Post#1 » by RealGM Articles » Mon Dec 30, 2024 4:58 pm

In what was perhaps an ode to the infamous “Meet Me In Temecula” shenanigans of one decade ago—in which an angry Twitter user was baited into driving multiple hours to fight someone who disagreed with him about Kobe Bryant, on Christmas day—some very unhappy holiday people got into a social media civil war with each other last week. This battle was not about basketball—but immigration, industry, race, politics, and the meaning of America. The sides in the fight varied, but all of them had hoped for November’s election to go the way that it did: with Donald Trump’s re-election to the presidency. Now it would seem that they are having a hard time with victory.


Basketball was evoked, at one point. In a disingenuous appeal to his own self-interest—cloaked as an everyman opportunity parade—Elon Musk pretended to know about the sport, bringing up the examples of Nikola Jokic and Victor Wembanyama as the type of talent he needs to be allowed to recruit to his companies, from all over the world. The truth is that he seeks to protect only a very specific type of work visa policy, which allows him to save a lot of money on labor, and to have significantly more leverage over his workers.


Musk, fumbling through a topic he doesn’t care about, while in desperate need for an illustrative example that may help him re-persuade some of his defecting fans, spoke goofily. Not much more goofily than some of those paid to speak about the sport professionally, though. Contemporary debate about the NBA’s popularity has led to big bloody riots and massacres of strawmen; a vast, hollow war of signifiers so insubstantial that it can barely be qualified as grammatical, let alone coherent.


The problems with this discourse are myriad, but the primary issue is that it revolves around publicly available data that is junk. Nielsen ratings, historically an important indicator for broadcast success or failure, have degraded rapidly over the past decade or so. You already know why: the internet has changed how people view, hear about, or experience pretty much everything. And this change has been especially profound for cable television, which is where the overwhelming majority of NBA games are shown. Now, games are still available there, but also available through a wide array of increasingly popular streaming services—legal and illegal. 
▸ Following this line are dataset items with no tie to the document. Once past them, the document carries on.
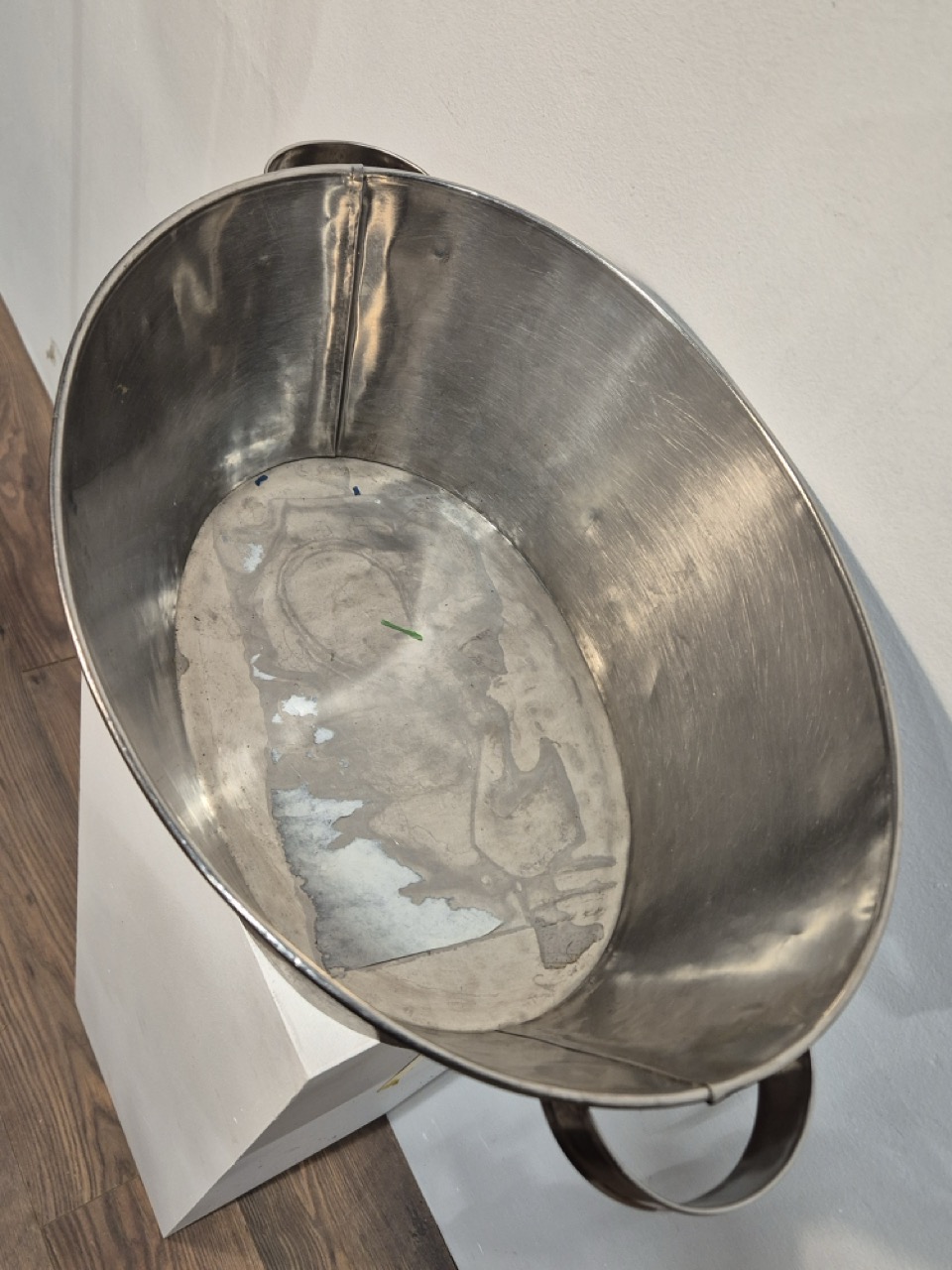 Rostfri balja med handtag . lite bulor. Mått utan handtag 44x33.5cm H.17cm
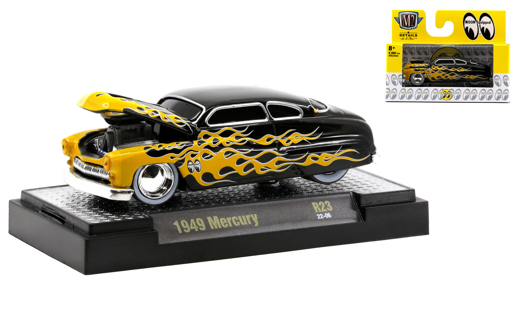 1949 MERCURY - GROUND POUNDERS BY M2 - MOON EYES - BLACK WITH YELLOW FLAMES quantity
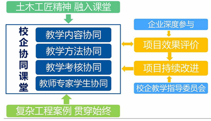 基于建构性教学观,构建了新工科背景下基于校企合作的实践教学及评价模式,同时引入了CDIO工程教育理念,以项目为载体,以能力为导向,对课程配套的课程设计进行系统的创新改造,创立了由一、二项目(团队项目,学生之间的合作与交流)共同支撑的贯穿全过程能力培养的渐进层级式项目新体系,实现校企教学内容、方法、考核协同,并引入思政元素,复杂工程案例贯穿始终。

The amount of people who use these services is ostensibly known by the powers that be in the NBA, but it’s not information that, like Nielsen’s, gets shared with the broader world. So the debate being had is fundamentally uninformed; had in the way that a child might brave a winter’s day without layers or even a coat. Hubris would get that child sick for a week or more, and in this case the sickness is verbal and performative. For those who get paid to spread it, the sickness is profitable. Being stupid, on purpose, can pay pretty well. The marketplace for bad ideas is, in a collapsed and collapsing media industry, better than the one for wisdom, or even for basic information.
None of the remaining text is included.